If your a welder-Join the UA and weld on the pipelines/shop fab @ $45 to $65 an hour-36 hour work week-then work on audio on the weekends

United Association Homepage


----------



## Chaos (Oct 27, 2005)

diy.phil said:


> @bmxer13, I just looked up the 2014 salary guide book that somebody gave me and a welder in Omaha or Lincoln is already about $20 an hour average. This is already more than most other assembly/manufacturing/logistics jobs. Anything higher you'll have to be a supervisor or technician.
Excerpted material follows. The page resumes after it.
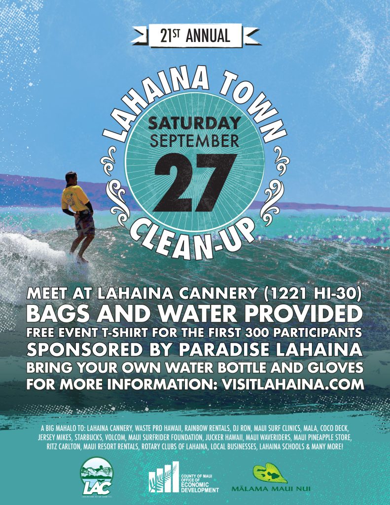 The 21st Annual Lahaina Town Cleanup, held in conjunction with the Ocean Conservancy’s “International Coastal Cleanup” and Mālama Maui Nui’s “Get the Drift and Bag It!” campaign, invites both residents and visitors to join this global movement to remove litter and debris from coastal environments.

There will be other good paying stuff like nursing/medical or paralegal assistant but it's not in this manufacturing/logistics copy/book.
> 
> Anyways money is not important - *always pick something that you enjoy or love to do and the days will go by faster and happier! * But they don't have a book for happiness level since it's difficult to quantify it lol (different people will have different feelings for the same exact job). So, pick the job or field that you like and go from there.
> 
> Sometimes there is nothing we can plan ... it just happens because it is going to happen... and there you are in a particular field .. you will do well, you will succeed, and can sustain or flourish in it for years/decades just the same well. Best wishes to you!


This is a sound principle, and it is even true to an extent. Beware - that sort of thinking is what got me into this mess. No matter what you think you know about 12v, if you were just a hobbyist before I can promise you that the learning curve is extremely steep, and can be incredibly expensive. As I said, I was already a fabricator and I have a whole garage full of typical tools at home yet I still must have spent at least $1k on specialty tools necessary for installing daily that was not subsidized in any way by the shop.

In all fairness, you might have a different experience and it isn't completely awful or nobody would do it. Speaking from personal experience as well as talking with installers across the country , I can tell you that most install bays offer a laid back atmosphere and ample opportunities to entertain ourselves when business is slow. Discipline and structure are not concepts that apply much in the install bay, and if you don't mind the downsides too much then it does have its good days. Those are just few and far between, so as long as your expectations aren't too high then there are worse ways to make a few bucks.


----------



## thehatedguy (May 4, 2007)

I hate to sound jaded, but I am.

You are thinking about leaving a skilled trade for something that is very fickle and little to no benefits other than a place to work on your own car and discounts on gear. I know a lot of installers, and a lot of great installers, but very few are making the kind of money you as a welder are able to make. I know it isn't all about the money, but once you have a family and children, money gets to be pretty important. And the longevity of you working for not a lot of money or gratitude has to be factored in if you have a family. You can make money installing and have a good life...but it is going to take a long time to get there.

Don't let my sour grapes dissuade you. But I want you to know before you make the decision what you can expect as a rookie working retail.

There will be the cars where the customer wants an amp installed and the trunk is literally filled with old food, clothes, and soiled clothes. There will be the salesman who wants to charge $5 to hardwire a radar detector. There will be the power locks that cost $75 to install, heated seats, cruise controls, power window kits, adding extra tweeters for $15 though it is as much labor as a deck or amp install...

The cool stuff you see on here is few and far between (around here).

But you never know, you could be the next Chris Yato or Gary Biggs or Steve Brown or Brian Schmitt.

Hell, take all of the Mobile Solutions classes...they show some serious fab stuff.


----------



## Chaos (Oct 27, 2005)

Benefits?!!!????


BWAHAHAHAHAHAHAHAHAHAHAHAHAHAHAHAHAH*cough*HAHAHAHAHAHAHAHAHAHAhahahahaha...




Once I caught my breath - 'cause I was really laughing at the computer - I remembered that I have heard of one or two places that offer some health care and maybe a 401k, but it is not anything like what you could expect as a skilled tradesman. Funny thing is, installing mobile electronics takes every bit as much skill as welding, machining, etc but with the exception of a few seminars and RTTI (if that even still exists) there is practically no legitimate formal system in place for training or standards.


----------



## thehatedguy (May 4, 2007)

Similar story here.

What you think you know and know how to do...forget it cause the rules change once you go pro.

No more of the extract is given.